Antes de entrar, decido hacer algunas llamadas que serán fundamentales para esta parte del plan, la última. Busco entre mis contactos a mi más reciente amiga y llamo.
—Hola, Josephine, perdona que te moleste, ¿será buen momento para hablar?— Hablo, una vez que ha contestado la llamada.
No habíamos conversado desde la última vez que ellos estuvieron aquí, recuerdo que se fueron ese mismo día por un problema de su amiga Ludmila. Si cierro los ojos aun puedo ver la expresión de Josephine al recibir la llamada de quien le dijo lo que había sucedido.
—Hey, descuida, está bien— responde, con un tono más tranquilo que la última vez, lo cual me tranquiliza.

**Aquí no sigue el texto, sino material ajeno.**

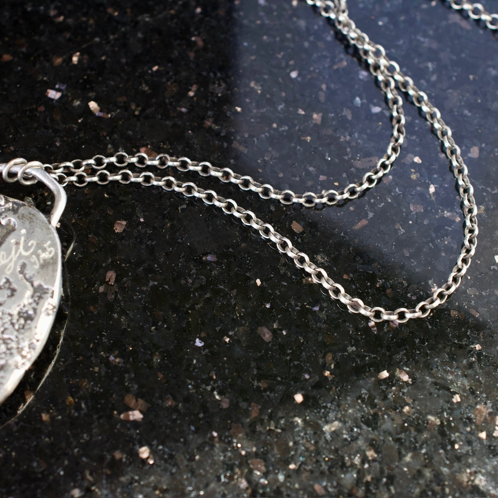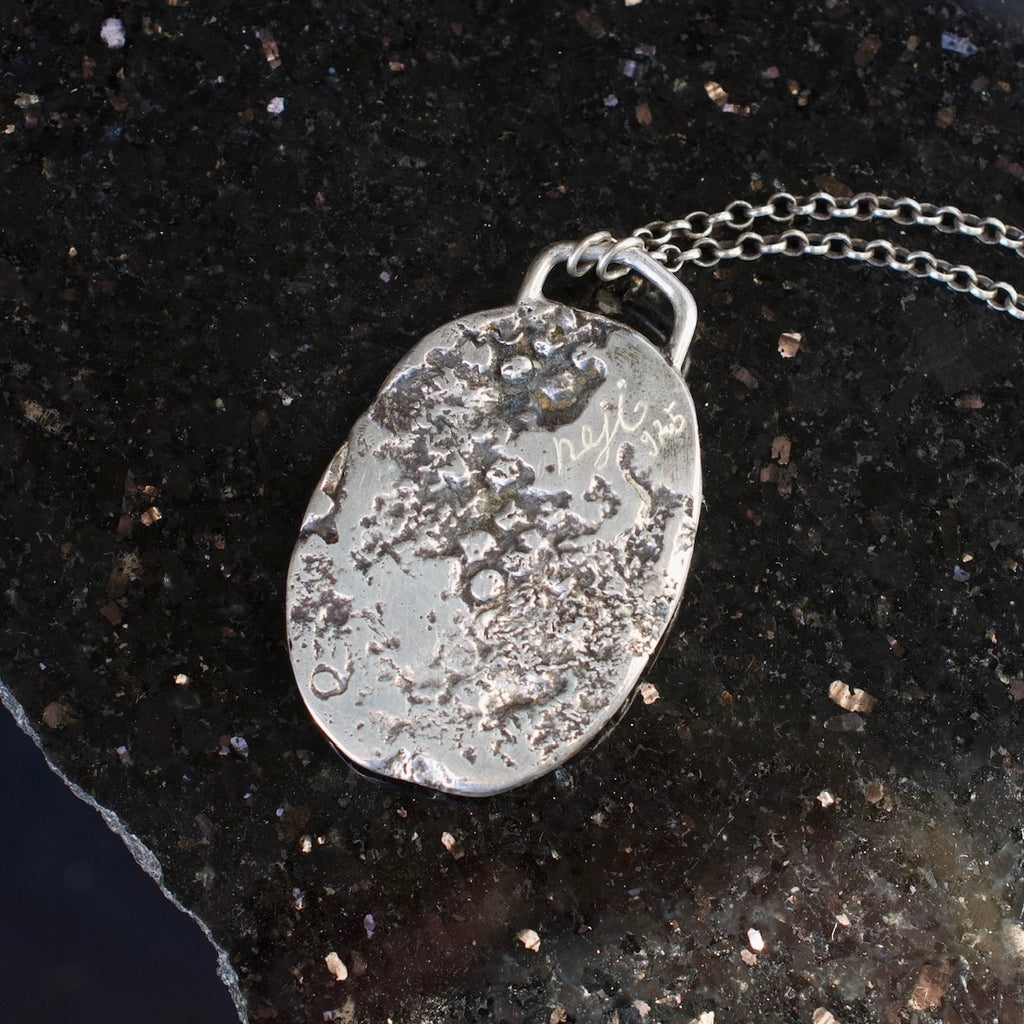 Pendant measures 1 1/4" wide x 1 3/4" long, including bail
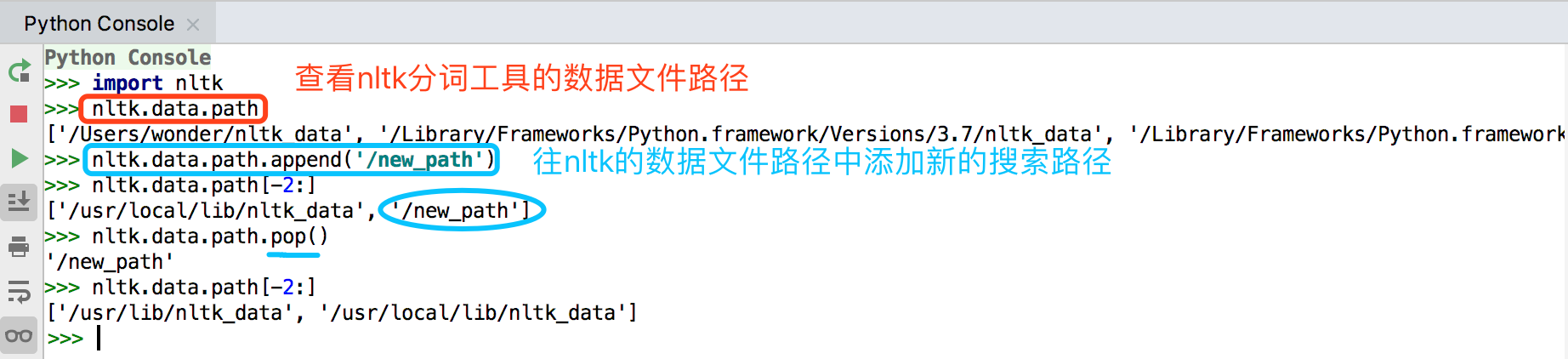 2.4 最后把nltk_data目录以代码的形式添加到nltk的数据文件路径中(只需要在第一次安装时添加,添加的代码如下)。
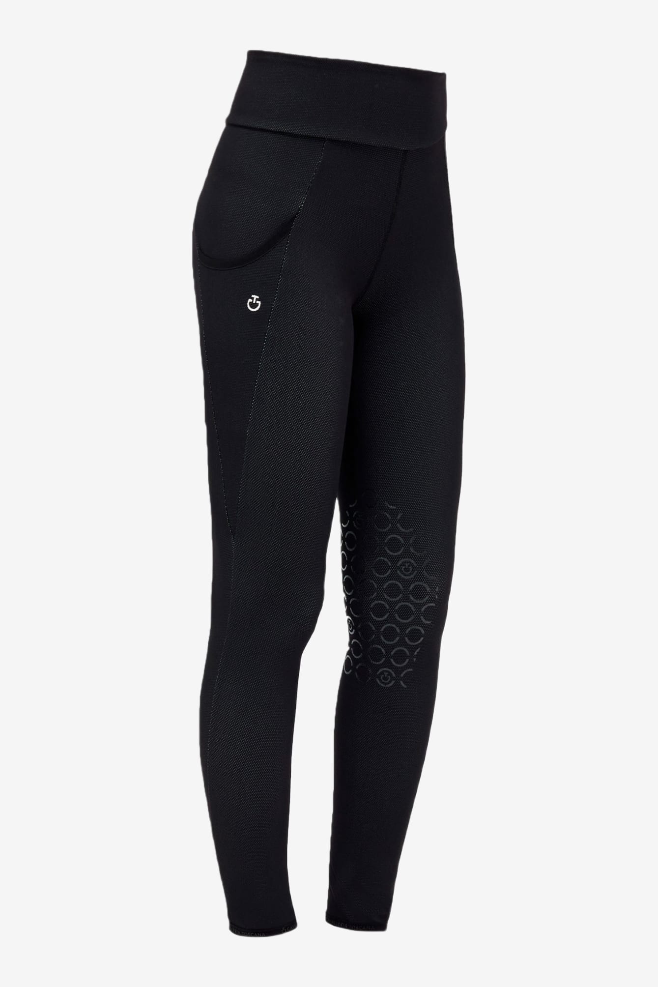 Trendy en comfortabele rijleggings van mesh van Cavalleria Toscana. Brede en elastische tailleband die goede ondersteuning biedt. Kniepatch met siliconen grip voor betere stabiliteit in het zadel. Geborduurd logo op het rechterdijbeen.

—¿Todo bien con Ludmila? Perdón que me meta pero la última vez... — me detengo, ni siquiera se como terminar la oración.
—Gracias por preocuparte Jared— dice, casi puedo verla con una sonrisa ladeada y ojos esperanzados —. Y sobre Lu, bueno ella ahora está en un lugar mejor.
El silencio se hace presente entre las dos líneas, sus palabras me dejan petrificado por breves instantes. No sé como debería tomar las palabras de Jo, se prestan para diversas interpretaciones, unas peores que otras. A esto agregándole lo que escuché la vez pasada de la videollamada, hacen que mi imaginación vuele pensando en el peor de los casos.